The Immortal Iron Fist is no more - on Netflix, at least.
It's become the first Marvel show to be dropped by the streaming service.
The series told the story of Danny Rand, a billionaire who combined martial arts skills with mystical powers.
It had a bumpy start, but a better-received second season - so what could it have done differently?
Iron Fist fans certainly have a lot of thoughts.
The Iron Fist character dates back to the 1970s - it was created by Roy Thomas and Gil Kane as a nod to that decade's obsession with martial arts heroes.
Marvel Studios first began trying to adapt Iron Fist for the big screen in 2000.
That didn't work out, but over a decade later they got the go ahead for a Netflix adaptation.
And Iron Fist's problems began before the series even began filming.
In the comic and on-screen, Danny Rand is portrayed as a rich, white man who learns martial arts in a mystical city called K'un-Lun.
But, as fan Alvin Shum told Newsbeat, many saw it as a missed opportunity to cast an Asian actor, given the character takes so much influence from a fictional Asian culture.
He said: "I get that Iron Fist and Luke Cage comics came from the 1970s Kung Fu and Blaxploitation movie genre, but while Luke Cage had something interesting to say about modern black culture, as an Asian guy I was stuck with a rich white man. Again.
"I'd like to think society has moved on from there."
As far back as 2014, there were calls to cast an Asian-American as Danny Rand.
And when Finn Jones was announced as Iron Fist's lead, Vulture's E. Alex Jung pointed out it would have been Marvel's first Asian-American lead.
He said: "Instead of a white man appropriating the qualities of Asian mysticism, it could have been a story of an Asian-American going back to his parents' homeland as a way of reconnecting with them - a feeling that many second generation Asian-Americans can relate to."
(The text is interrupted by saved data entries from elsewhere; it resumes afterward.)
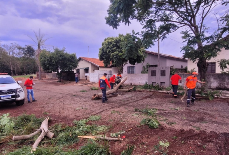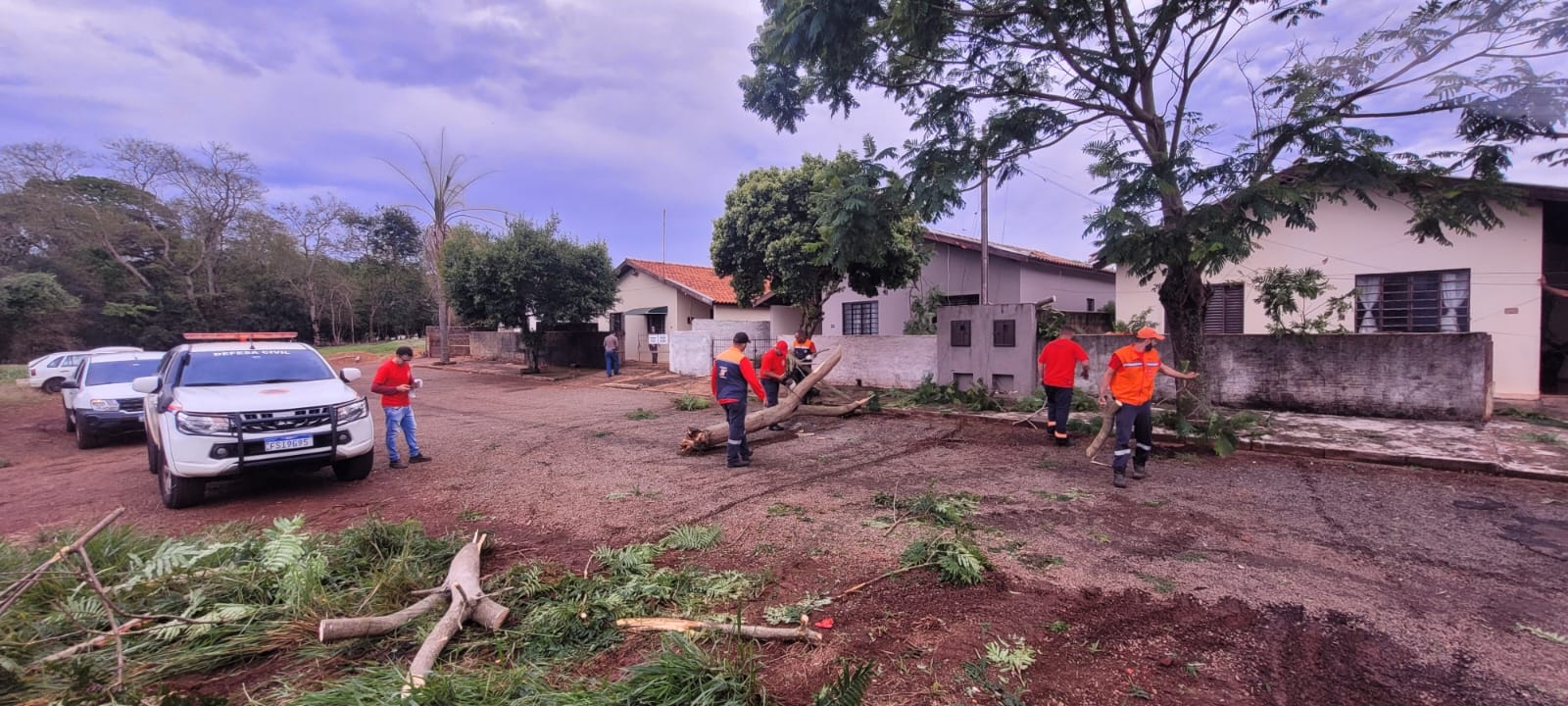 Desde as primeiras horas do incidente, as equipes da Defesa Civil vêm atuando nos atendimentos emergenciais, priorizando a remoção de árvores caídas, liberação de vias públicas e vistoria de estruturas que possam ter sido danificadas.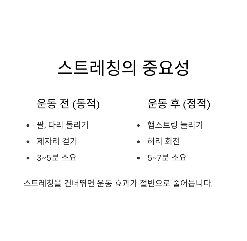 운동 후에는 정적 스트레칭(근육 이완 중심)을 해주세요.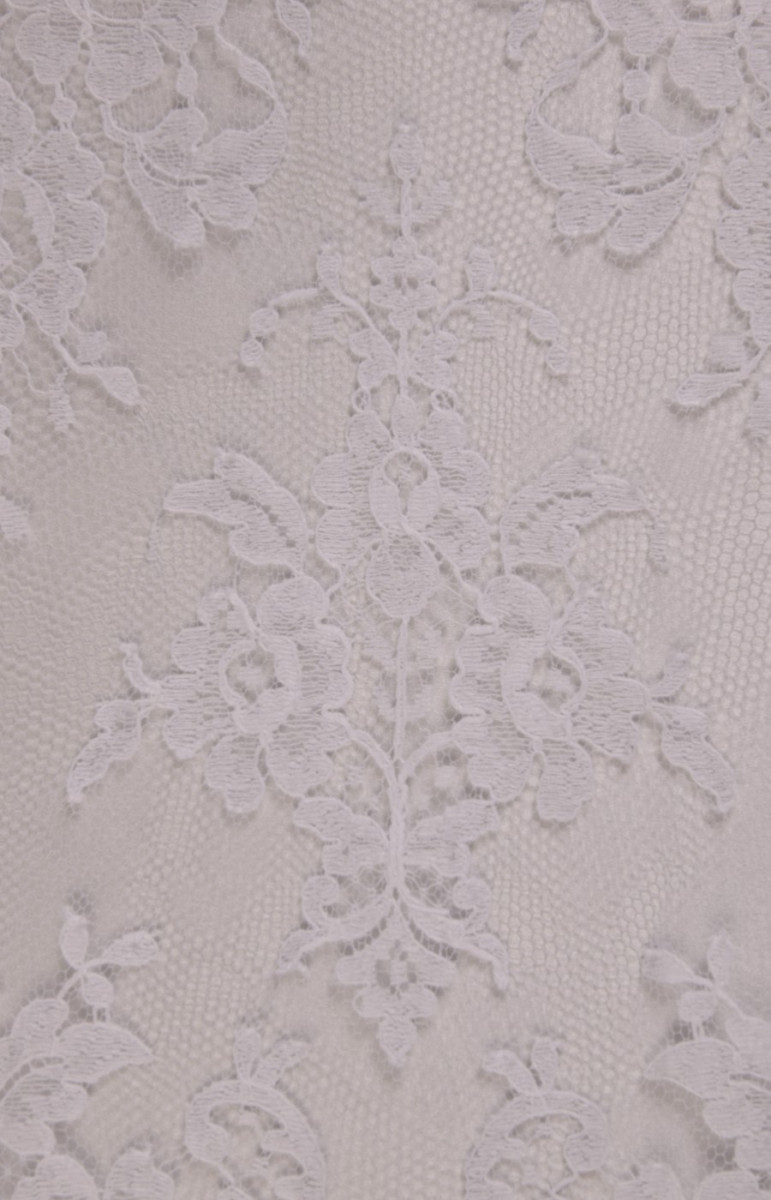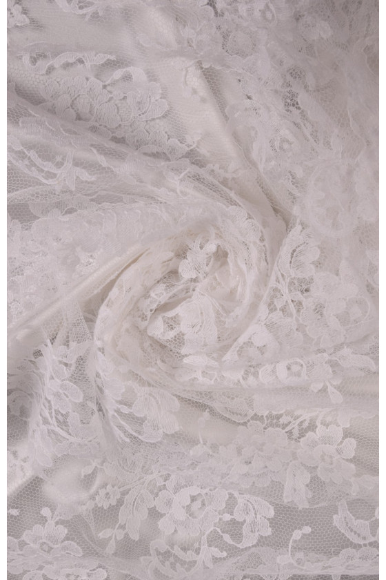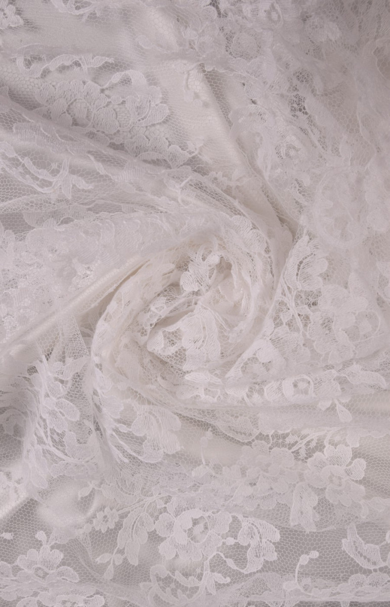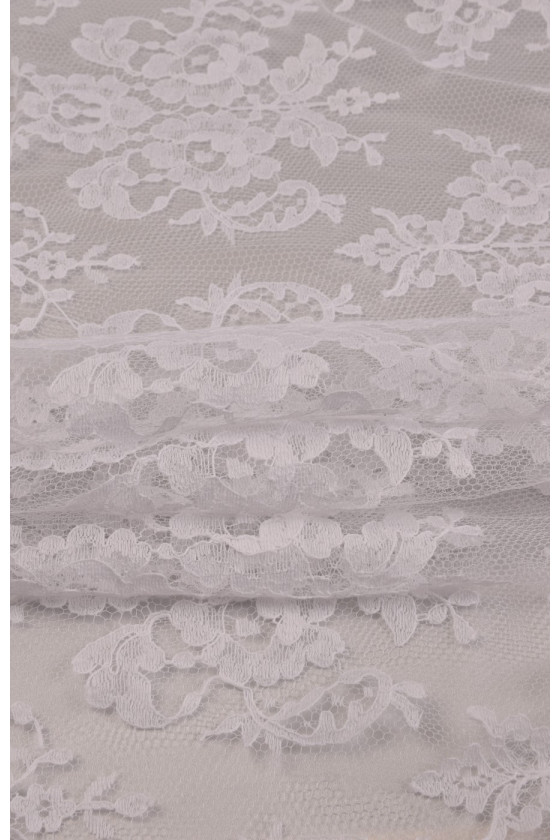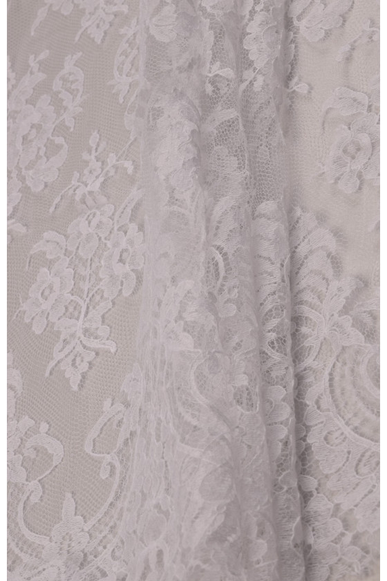 Den sidste bryllupsblondekupon med dimensioner på 120 cm * 180 cm, med et klassisk, tæt mønster i hvid cremefarve, afsluttet med en tand på begge sider. Blonderne er delikate, bløde at røre ved.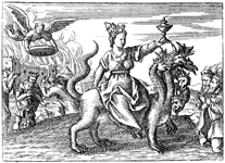 Description: The whore of Babylon rides the beast with cup in hand, while being worshiped by the kings of the earth. In the background, an angel drops a giant millstone as Babylon burns in the background.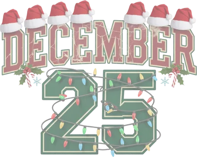 December 25th Collegiate Christmas DTF Transfer with Santa Hats
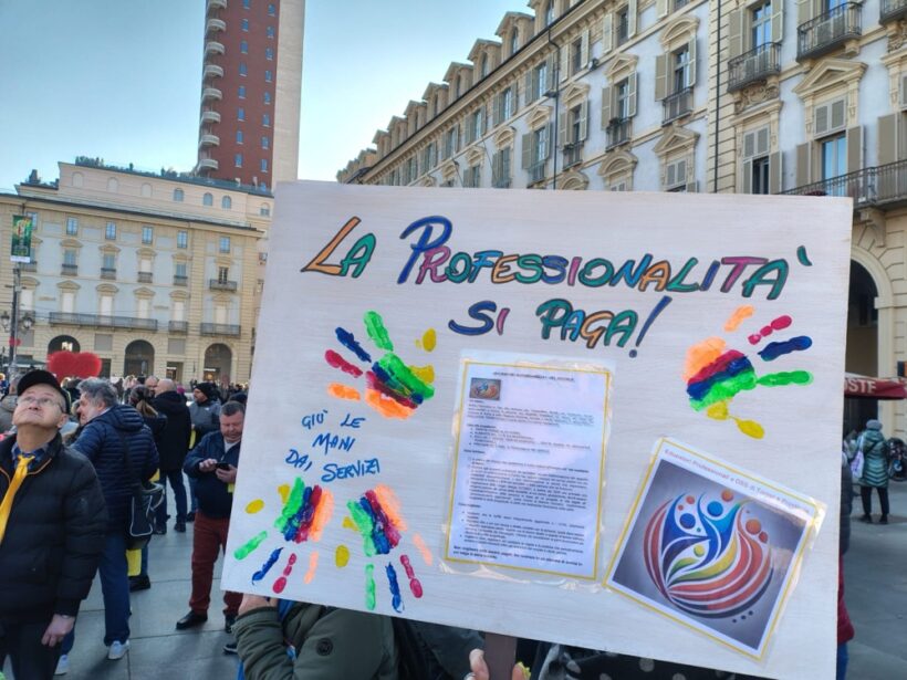 Cantando “Volare” ed improvvisando un enorme girotondo per tutta piazza Castello, oltre 500 tra educatori ed Operatori SocioSanitari (OSS), utenti dei servizi a favore di persone con disabilità (intellettiva e/o fisica) ed i loro famigliari, si sono riuniti sabato pomeriggio 15 febbraio, con l’obiettivo di accendere un riflettore sulla politica di settore del Comune di Torino e sulle conseguenze che essa può portare.

Chris McGuinness from Glasgow said the casting was an issue not just because of diversity.
"Ultimately they could have overcame that issue if the actor had charisma to pull it off, but I found Finn Jones to be very wooden and his fights were also the poorest executed," he said.
This wasn't the case for all characters - Chris added that Jessica Henwick as Colleen Wing, who in the comics forms a crime-fighting duo with Luke Cage's Misty Knight, wasn't given enough to do.
"I won't be sorry to see Iron Fist gone, but I will be about losing Jessica Henwick as Colleen. She was great."
Too many guys in suits
The way Danny Rand gets his powers is by ripping the heart from a dragon - as you do.
But this wasn't shown on TV.
Ian Craig from Newport, who says he's been a fan of the character for years, said the series just wasn't up to scratch in comparison to the comics.
"Quite how you can make two seasons of a TV show about a character whose origin involves ripping the heart out of a dragon and not actually show him ripping the heart out of a dragon, I don't know," he said.
He added: "There's an amazing cast of interesting - and diverse - supporting characters they could have used, but instead we got street gangs and guys in suits."
Lukewarm reviews for first season
Iron Fist came hot on the heels of the other Marvel Netflix series' - Daredevil, Jessica Jones and Luke Cage - which were well received.
In comparison, Iron Fist's first series was far from critically acclaimed.
Sarah Holl, who said she actually really liked the series, said: "The problem was that it was being compared against the truly remarkable Daredevil and Jessica Jones first seasons."
On Metacritic, the first season scores just 37 out of 100.
Its second series fared a little better - but it may have been a case of too little, too late.
Is it really the end?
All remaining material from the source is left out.